Он опять пальцем отметил, сколько ему пить и сколько мне, и сам первый выпил половину молока, оставшегося в бутылке. Даже может быть немножко поменьше, чем половину.
– Допивай,– сказал он и передал мне бутылку.
Я спорить не стал и допил молоко до последней капельки. Оно уже прокисло немного, но от этого, по-моему, стало еще вкуснее. Я взял бутылку за горлышко, как ручную гранату, размахнулся...
– Да ты что, очумел, что ли? – крикнул Хамит, вырвал у меня из рук бутылку и сунул в карман.
– А зачем она тебе? – спросил я.
– Пригодится.
– Да зачем?
– А я откуда знаю? Мало ли зачем?
Я опять решил не спорить. Пригодится так пригодится. Тем более, что теперь не мне ее нести.
– А куда же все-таки пойдем-то? – спросил я.
– А как по-твоему?
– Пойдем по правой. Правая сторона всегда лучше. Правой рукой здороваются. И машины по правой стороне ездят. Когда я с Фаридой поругаюсь, она всегда говорит: «Ты что, с левой ноги встал, что ли?» Где правая сторона – там и удача.

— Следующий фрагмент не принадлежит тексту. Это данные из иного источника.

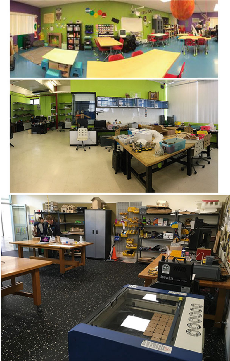
Fig. 5 Three different spaces for making and fabrication, in East Palo Alto, USA (top); Bangkok (middle), Thailand; and Melbourne, Australia (bottom)

overconsumption, stringent intellectual property, programmed obsolescence, and proprietary devices. Even though hackerspaces were inspirational for the

– А мне бабушка, если я рубашку на левую сторону надену, всегда говорит, что это к радости.
– Что она понимает, твоя бабушка. Старушечья примета.
– А у тебя не приметы?
– Не нравятся приметы, давай опять у пылинок спросим.
– Давай,– согласился Хамит.
Но пылинки ничего нам не подсказали. И в правый и в левый коридор их тянуло одинаково и тянуло гораздо быстрее, чем там, на нашей груде песка.
– Ладно,– сказал наконец Хамит.– Отдохнули. Пойдем направо.
Мы опять зашагали. Разговаривать не хотелось. Не знаю, о чем думал Хамит, а мои мысли незаметно, как те пылинки к выходу, опять потянулись к дому. Вспомнилась мама. Она-то, конечно, тоже сейчас думает обо мне. Наверное, все глаза проплакала. Я, как вспомнил о ней, сам чуть не заплакал и, чтобы больше не думать о маме, о Фариде, о папе, стал думать о своей соседке, нашей однокласснице Фаузии.
Я уже говорил о ней. Откуда только такие девчонки берутся? Длинная, худая. Ноги у нее как спички, глаза как прожекторы, а язык без костей. Задира она страшная и всюду со своим языком выскакивает вперед. И за словом, как говорится, в карман не лезет.
Вот недавно встретил ее на дороге. Она воду несла.
Я хотел ей помочь, спрашиваю:
– Куда воду несешь?
– Как куда? – говорит она.– Тебе на голову вылить хочу!
– Зачем?
– Да у тебя вся голова горит. Не чувствуешь, что ли? – и захохотала.
А я виноват, что у меня волосы рыжие? Я обозлился.
– А ты,– говорю,– цапля длинноногая, и голова у тебя как у цапли. Ничего поумнее и придумать не могла своей птичьей головой.
– Ой,– говорит она,– правда, как у цапли? Вот здорово! А я и не знала. А у тебя, Шаукат, голова точь-в-точь как яичко у чибиса.
Это она про мои веснушки. У чибиса яичко все в крапинках.
Я не стал больше спорить с ней. Ее все равно не переговоришь. Взял ведра и понес к ее дому. А она идет сзади и напевает?
– У дороги чибис...
Вот такая она девчонка. А всем нашим мальчишкам почему-то нравится. Да если честно признаться, и мне тоже нравится. А почему, не знаю.
Вот я и стал думать, что же в ней такого хорошего?
Вдруг Хамит схватил меня за руку.
– Шаукат, смотри, что это?
Я так и ахнул. Впереди, там, где в темноте пропадал свет фонарика, стояло мутное пятно вроде дневного света.
– Ура! – крикнул я и побежал. Хамит за мной.
Мы оба, не сговариваясь, решили, что теперь-то совсем недалеко выход, и бросились вперед, на этот свет.
Сколько мы бежали, не знаю. Хорошо еще, что не споткнулись нигде в темноте, не налетели на камни, никуда не провалились.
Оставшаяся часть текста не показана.